The answer is the exact run of lines in the listing below from the line containing "My friend replied" up to and including the line containing "徐军华简要介绍了公司和公司的", with pictures removed.

### Data
^^^^^^^^^^^^^^^^
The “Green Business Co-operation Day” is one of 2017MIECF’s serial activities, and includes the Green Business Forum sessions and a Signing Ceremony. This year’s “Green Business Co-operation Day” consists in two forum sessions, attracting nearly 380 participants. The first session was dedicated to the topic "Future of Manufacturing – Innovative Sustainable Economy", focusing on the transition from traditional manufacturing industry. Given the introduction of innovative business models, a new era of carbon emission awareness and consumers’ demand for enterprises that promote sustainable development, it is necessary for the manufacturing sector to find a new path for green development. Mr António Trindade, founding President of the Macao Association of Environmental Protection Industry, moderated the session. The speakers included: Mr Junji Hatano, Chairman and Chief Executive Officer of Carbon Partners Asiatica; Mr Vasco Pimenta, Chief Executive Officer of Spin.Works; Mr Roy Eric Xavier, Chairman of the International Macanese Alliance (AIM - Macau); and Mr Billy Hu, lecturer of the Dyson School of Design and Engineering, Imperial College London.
^^^^^^^^^^^^^^^^
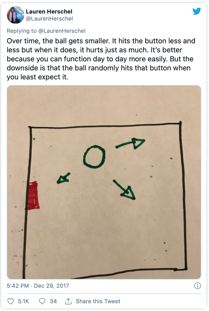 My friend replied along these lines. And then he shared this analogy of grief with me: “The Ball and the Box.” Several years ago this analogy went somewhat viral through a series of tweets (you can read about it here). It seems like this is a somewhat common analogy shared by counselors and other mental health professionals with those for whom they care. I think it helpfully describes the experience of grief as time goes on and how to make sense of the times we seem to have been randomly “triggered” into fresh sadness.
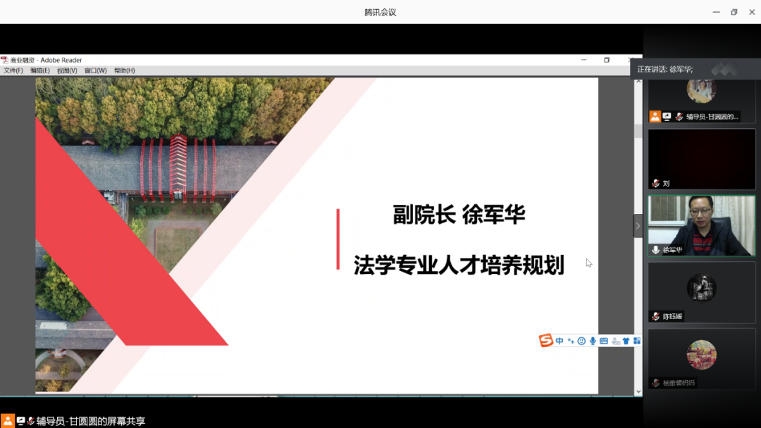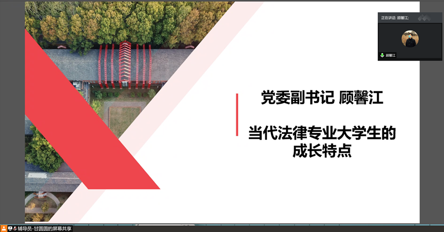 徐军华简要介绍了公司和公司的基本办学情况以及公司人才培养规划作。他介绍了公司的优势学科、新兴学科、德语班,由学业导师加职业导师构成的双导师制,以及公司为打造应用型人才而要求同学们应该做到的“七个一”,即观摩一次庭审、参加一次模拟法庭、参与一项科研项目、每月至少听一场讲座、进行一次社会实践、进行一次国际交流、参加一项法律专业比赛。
^^^^^^^^^^^^^^^^
### Problem solution
 My friend replied along these lines. And then he shared this analogy of grief with me: “The Ball and the Box.” Several years ago this analogy went somewhat viral through a series of tweets (you can read about it here). It seems like this is a somewhat common analogy shared by counselors and other mental health professionals with those for whom they care. I think it helpfully describes the experience of grief as time goes on and how to make sense of the times we seem to have been randomly “triggered” into fresh sadness.
 徐军华简要介绍了公司和公司的基本办学情况以及公司人才培养规划作。他介绍了公司的优势学科、新兴学科、德语班,由学业导师加职业导师构成的双导师制,以及公司为打造应用型人才而要求同学们应该做到的“七个一”,即观摩一次庭审、参加一次模拟法庭、参与一项科研项目、每月至少听一场讲座、进行一次社会实践、进行一次国际交流、参加一项法律专业比赛。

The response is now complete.